As early as five Amy had started having strokes and doctors on every occasion had advised Anie that she might die from one. She had had several transfusions and treatments were like routines. But Amy didn't die; she survived. She had managed to pass through various stages of her education. At 19 she was still in her penultimate year in secondary school. She had missed classes and exams as she was often in hospital and as a result had repeated classes severally. Though she was brilliant and had always expected to come up aces with every subject she took, her chronic crisis wouldn’t let her, but she was firmly convinced that she would achieve whatever her brain was set at if only she could attend school regularly.

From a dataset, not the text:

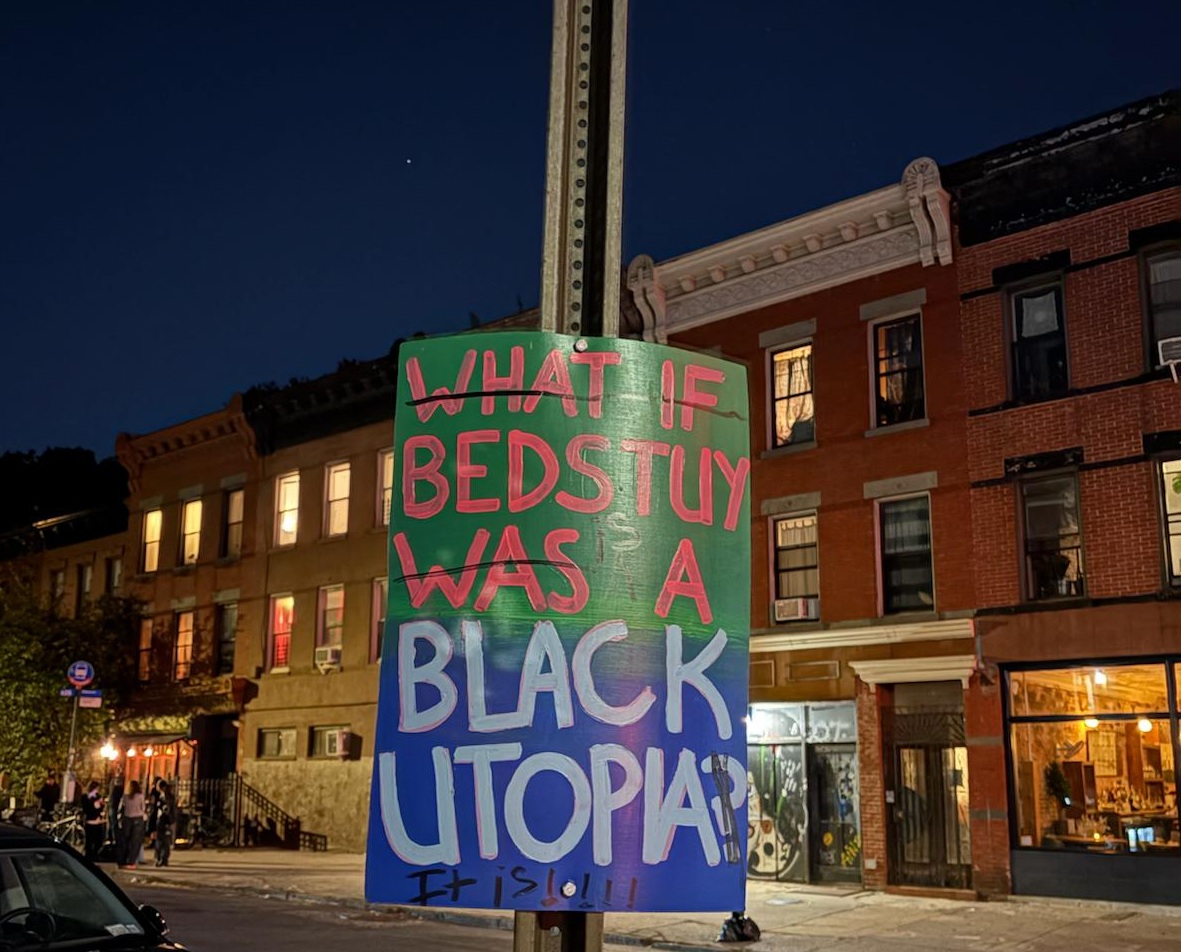 Domenica 21 settembre 2025: l’appuntamento è a mezzogiorno a Fulton Park, uno dei parchetti di Bedford-Stuyvesant a Brooklyn, il quartiere dove anche quest’anno mio marito ed io abbiamo preso dimora. In verità quasi nessuno chiama quest’area con il suo nome tutto intero, è per tutti Bed-Stuy; al tempo delle grandi battaglie per i diritti civili del secolo sorso il sobborgo si distinse come uno dei cuori ruggenti delle Pantere Nere. Camminando per le sue vie, se non si è troppo distratti, se ne può percepire ancora la presenza, come ben suggerisce il cartello che ho fotografato.

But it seemed Amy had resigned herself to her fate. She had given up her confidence in herself. The stigma of being a sickler had become unbearable; the repressive hard work in chasing her dream of becoming a surgeon and still unable to perform to her expectations owing to ill health; the mental cruelty of her father’s vanishment and abscission from fatherly love and affection; and the mental torture of tales from her friends in school about their love adventures with their boyfriends while no man had ever acknowledged her beauty no matter how she tried to prettify herself. These excruciating thoughts were flagellating her mind while she was sopping her mind with alcohol at the pub. She had a fall out with her bosom buddy who misguidedly in her choice of words reminded her of how miserable her life had been. She threw her positivism into the oubliette of her heart and resigned to the illusions of how sickle cell had ruined her dreams.

But Anie never resigned to fate. She believed firmly in her daughter’s dream of becoming a surgeon. She kept alive at all times the dream of seeing her daughter correct faults in human systems; repair injuries in human bodies; and treat diseases, even as Amy lay in harsh pains and in moribund in hospital bed.